We continued up Pine. Despite our head start, the commotion quickly caught up with us. We found ourselves, at one point, ducking behind the sign of the old funeral home on Pine (it’s now a bar), when a tear gas canister landed not far from us. We made one final sprint up to Broadway, where we promptly caught the next bus to the dorms (everyone else was already back and wondering where the hell we were). We later found out that the National Guard had marched all the way up Capitol Hill, chasing the protesters down the street.

In the months that followed, Seattle’s police department faced criticism for how they handled the riots.
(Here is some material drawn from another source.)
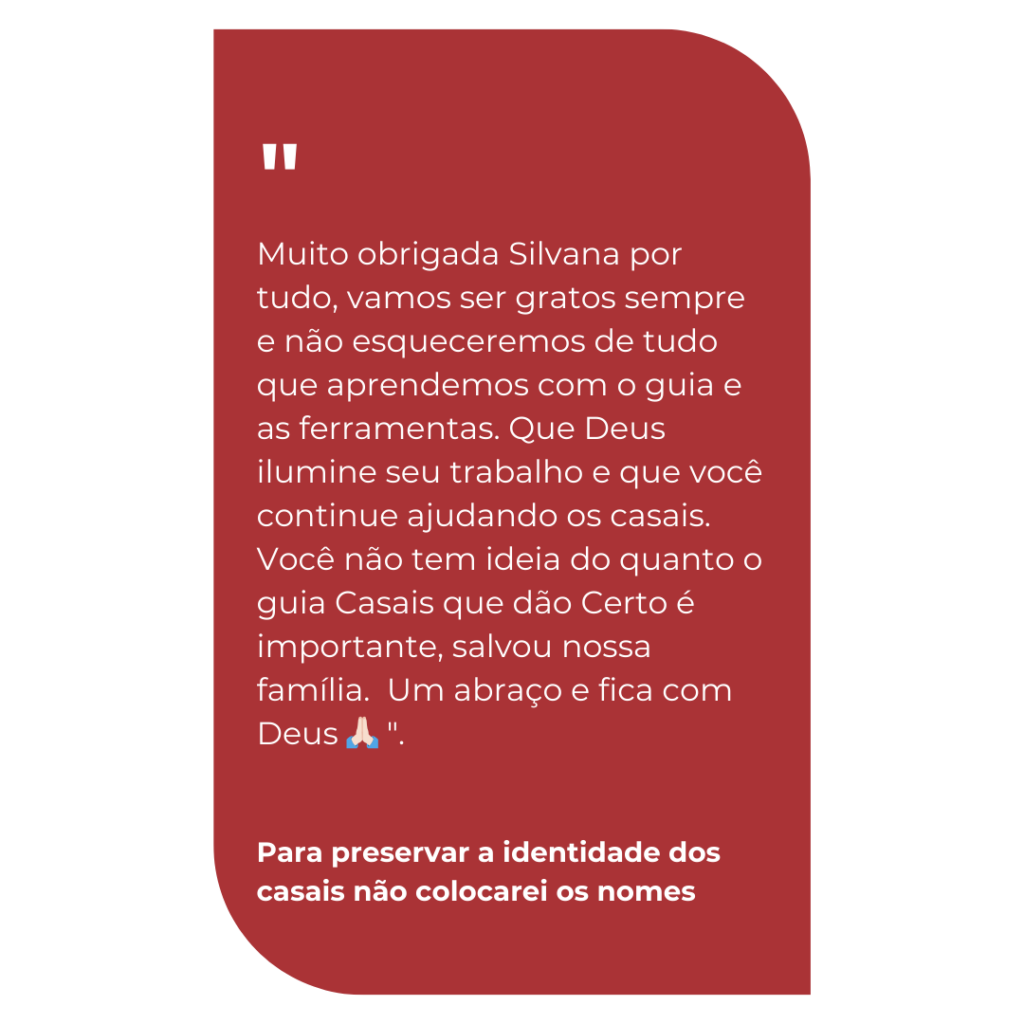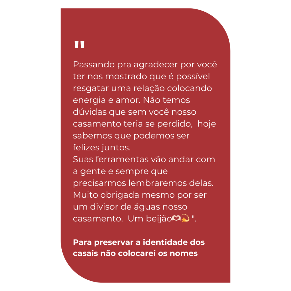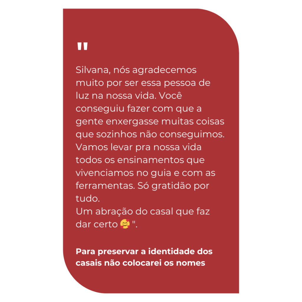 Em todos estes anos atendendo tanto no individual quanto casais não houve sequer um caso em que o paciente aplicou o guia e não obteve resultado. Com certeza após passar pelo Guia para aprender a se comunicar com o seu parceiro/a você terá um relacionamento muito mais leve, saudável e feliz!

The department was shaken up, as some officials resigned and new folks came in. Life went on. Starbucks and the GAP fixed their broken windows. I ended up getting a 4.0 in my theater class. The boy and I broke up. My hair grew out, albeit at a painfully slow pace. I started dating someone new, and that relationship, in turn, eventually led me to Rand.

And during those months, I learned things. Like that I shouldn’t go running back downtown in the middle of a riot to see what was going on. That I should avoid dating musicians, and I should never cut my hair above chin length.

Seattle, too, learned from its experiences. Terrible, awful things still happen in my town. Just last summer, a homeless man was shot by a police officer. People were angry. They were upset. But rather than act out violently, they assembled, peaceably. They spoke of the man and his memory. They dedicated a Totem pole in his honor and vowed to work with the police to make things right.

Like me, my city made bad decisions. And like me, it learned from them.

It’s why I have hope for London. I know the situation there is far graver than ours was – the vandalism and the violence more widespread. The causalities are higher. Right now the city is unrecognizable, far more than Seattle ever was. Right now, London is not London.

But I’m confident that it will be again, and soon. I’m hopeful that the city and its people will learn from these events. That the idiots and delinquents will look at the mess and they’ll understand what they did. That reason and civility will prevail. And years from now, the riots and violence will be a distant memory, a story told to friends over beers. It will be something people write about on their blogs, long after the scars have faded, long after bad haircuts have grown out.

Long after London becomes London again.